**Task:** Every line of the data below should be repeated exactly, and no picture should be copied.

**Source material:**

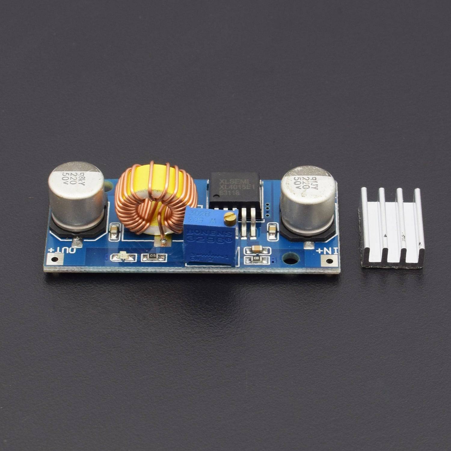 The XL4015 5A DC-DC Step-Down Module is a versatile, high-efficiency buck converter that can regulate voltage down from a higher DC input to a stable, adjustable output. It supports constant current (CC) and constant voltage (CV) modes, making it suited for LED driving, lithium battery charging, bench power supplies, and general electronics regulation.
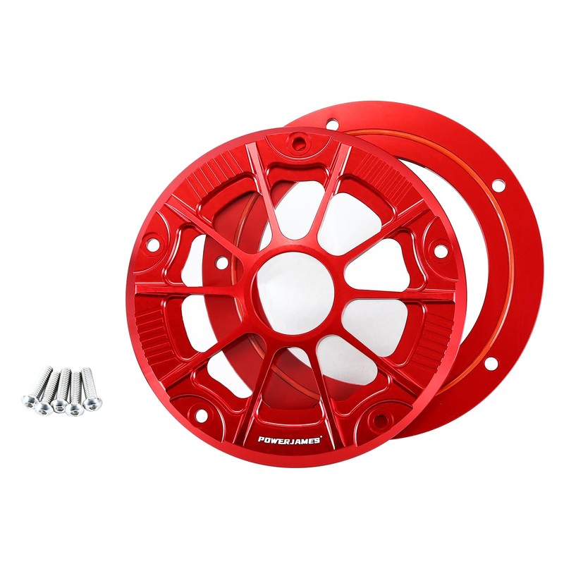 POWER JAMES Motorcycle Primary Clutch Derby Cover, Hollow Out with Acrylic Glass, Compatible with Dyna 99-2017, Softail 1999-2018, Touring 99-2015 (Red)
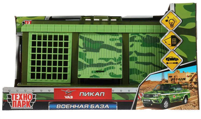 💳 Оплатить за товар можно при получении 🇰🇿 Есть бесплатная доставка по Казахстану от 1 дня 🎁 Копите бонусы с каждой покупки Игровой набор «Военная база» ТМ «Технопарк» обязательно понравится маленькому спасателю. Двери гаража опускаются и поднимаются — инерционный механизм, поставьте машинку с машиной UAZ Pickup на ровную поверхность, потяните назад и отпустите — она тут же поедет вперёд. Этот набор с реалистичной, детально проработанной машинкой и гаражом непременно увлечёт вашего ребёнка и вдохновит на множество новых игровых сюжетов. Кроме того, эта игрушка познакомит малыша с видами военной техники. Игра с набором ТМ «Технопарк» развивает воображение, координацию движений, внимание, ловкость, моторику. |
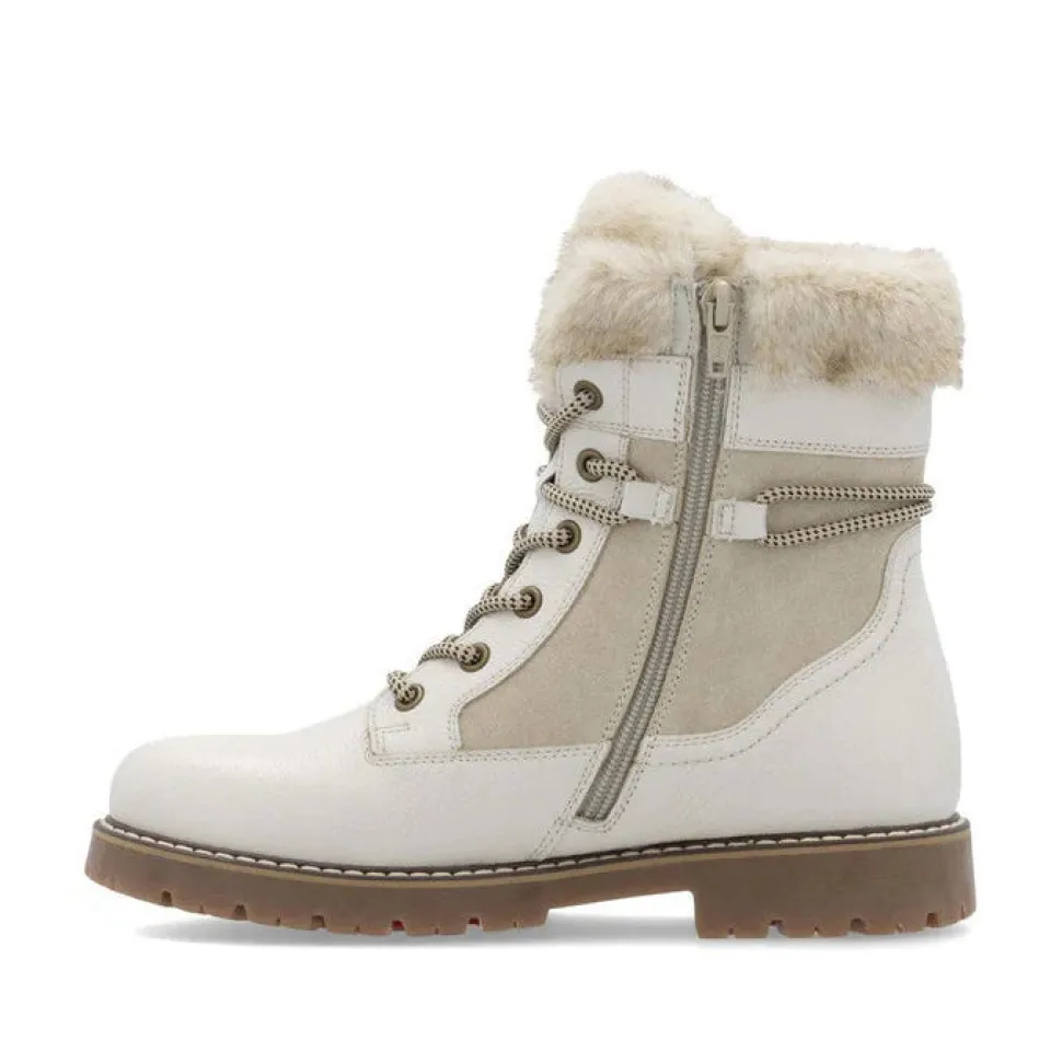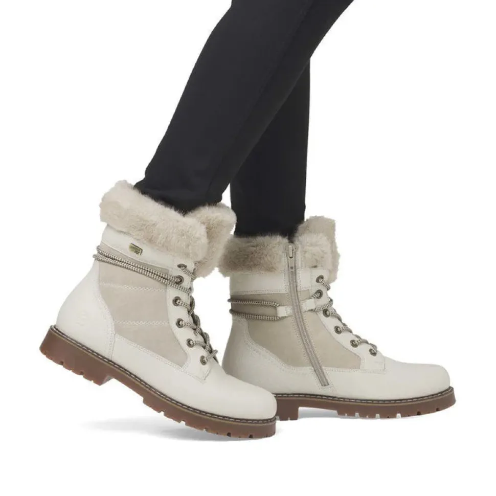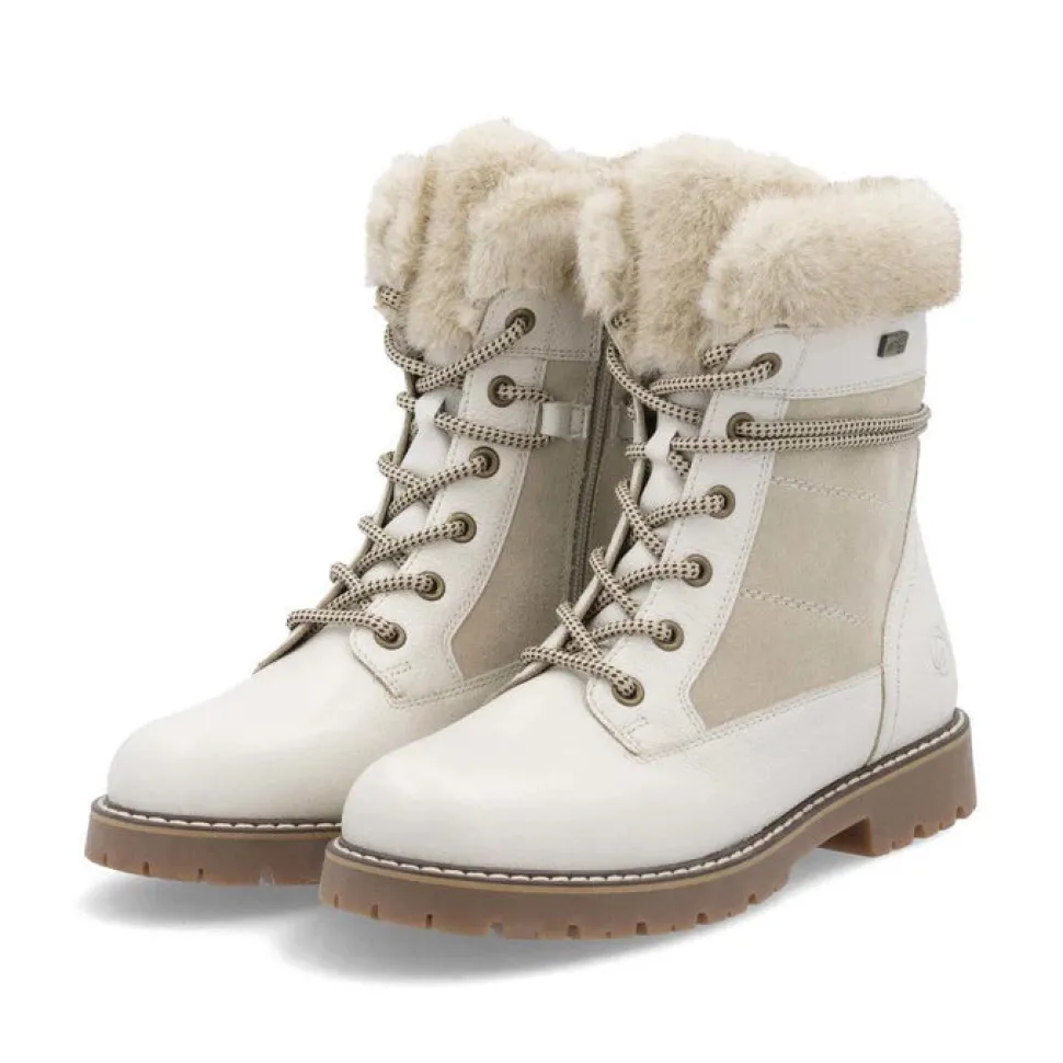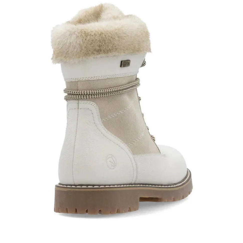 Style and comfort: this season’s dream duo! With these Remonte midnight black lace-up ankle boots in smooth leather, you’ll be cool and casual, yet elegant. The clever combination of lacing and zipper makes them easy to put on and take off. The fur collar on the upper is an eye-catcher. The cushioned, grippy block heel sole ensures good grip in all conditions. The G comfort width gives the toes greater freedom of movement. Thanks to the remonteTEX membrane, the inside of the shoe stays dry, while Flip-Grip studs provide optimum grip on slippery surfaces and the thermal insole ensures warmth. Thanks to the cozy, extra-warm virgin wool, the cold doesn’t stand a chance.
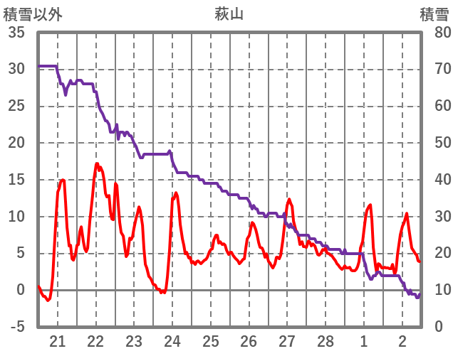 | 日 | 時 | 気温 | 降水 | 風向/風速 | 日照 | 積雪 | 降雪 |
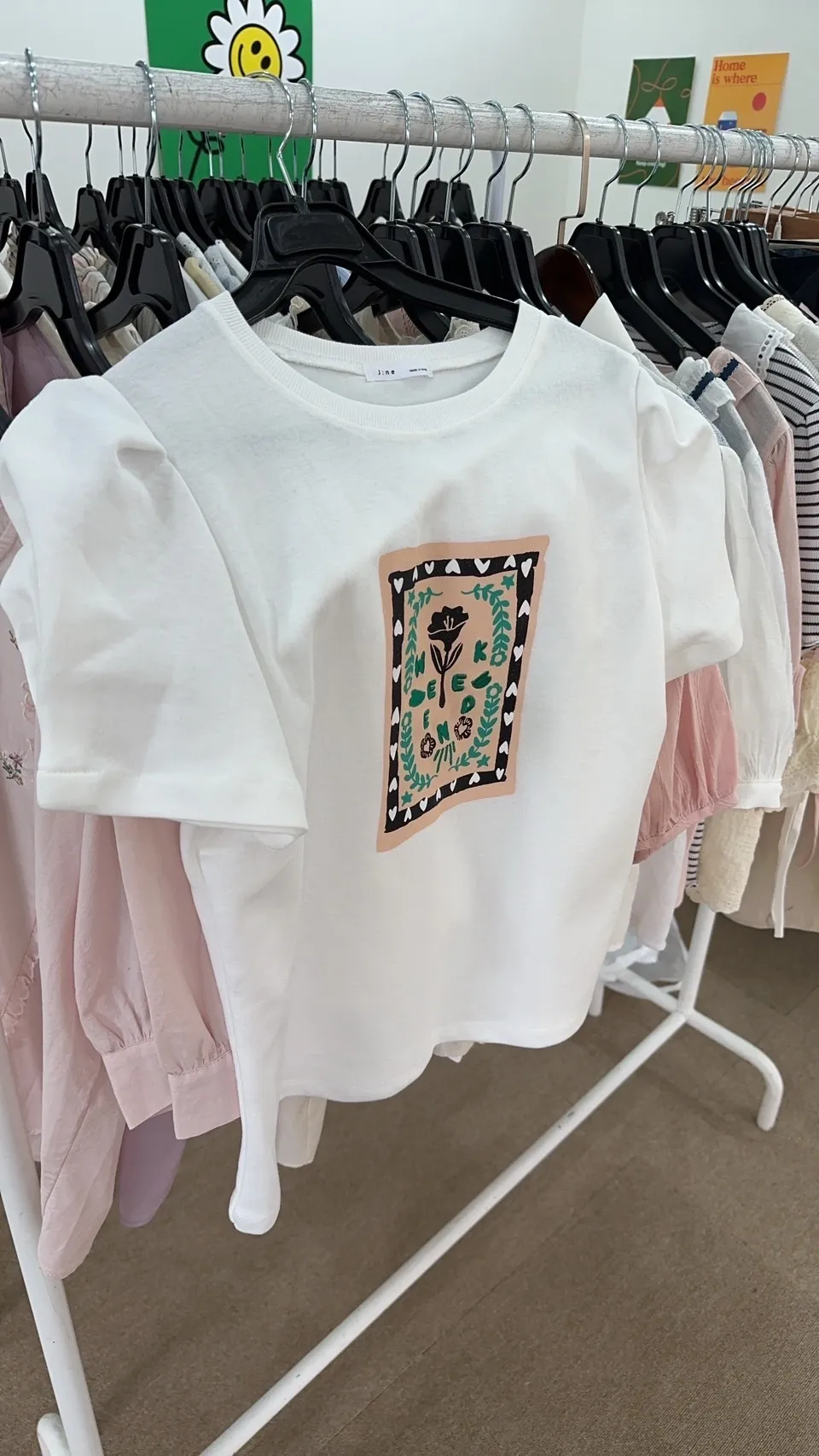 KM359推薦款小花方框版畫Tshirt 白 灰 官網價$620 線上價$590
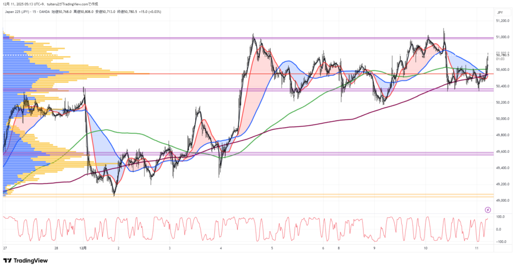 OANDAの『JP225』の 朝5:30時点 の 環境認識 と エントリーシナリオ です。
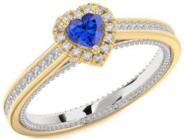 Diamond Blue Sapphire Platinum & Yellow Gold Heart Pave Promise Ring

**Solution to this problem:**
 The XL4015 5A DC-DC Step-Down Module is a versatile, high-efficiency buck converter that can regulate voltage down from a higher DC input to a stable, adjustable output. It supports constant current (CC) and constant voltage (CV) modes, making it suited for LED driving, lithium battery charging, bench power supplies, and general electronics regulation.
 POWER JAMES Motorcycle Primary Clutch Derby Cover, Hollow Out with Acrylic Glass, Compatible with Dyna 99-2017, Softail 1999-2018, Touring 99-2015 (Red)
 💳 Оплатить за товар можно при получении 🇰🇿 Есть бесплатная доставка по Казахстану от 1 дня 🎁 Копите бонусы с каждой покупки Игровой набор «Военная база» ТМ «Технопарк» обязательно понравится маленькому спасателю. Двери гаража опускаются и поднимаются — инерционный механизм, поставьте машинку с машиной UAZ Pickup на ровную поверхность, потяните назад и отпустите — она тут же поедет вперёд. Этот набор с реалистичной, детально проработанной машинкой и гаражом непременно увлечёт вашего ребёнка и вдохновит на множество новых игровых сюжетов. Кроме того, эта игрушка познакомит малыша с видами военной техники. Игра с набором ТМ «Технопарк» развивает воображение, координацию движений, внимание, ловкость, моторику. |
 Style and comfort: this season’s dream duo! With these Remonte midnight black lace-up ankle boots in smooth leather, you’ll be cool and casual, yet elegant. The clever combination of lacing and zipper makes them easy to put on and take off. The fur collar on the upper is an eye-catcher. The cushioned, grippy block heel sole ensures good grip in all conditions. The G comfort width gives the toes greater freedom of movement. Thanks to the remonteTEX membrane, the inside of the shoe stays dry, while Flip-Grip studs provide optimum grip on slippery surfaces and the thermal insole ensures warmth. Thanks to the cozy, extra-warm virgin wool, the cold doesn’t stand a chance.
 | 日 | 時 | 気温 | 降水 | 風向/風速 | 日照 | 積雪 | 降雪 |
 KM359推薦款小花方框版畫Tshirt 白 灰 官網價$620 線上價$590
 OANDAの『JP225』の 朝5:30時点 の 環境認識 と エントリーシナリオ です。
 Diamond Blue Sapphire Platinum & Yellow Gold Heart Pave Promise Ring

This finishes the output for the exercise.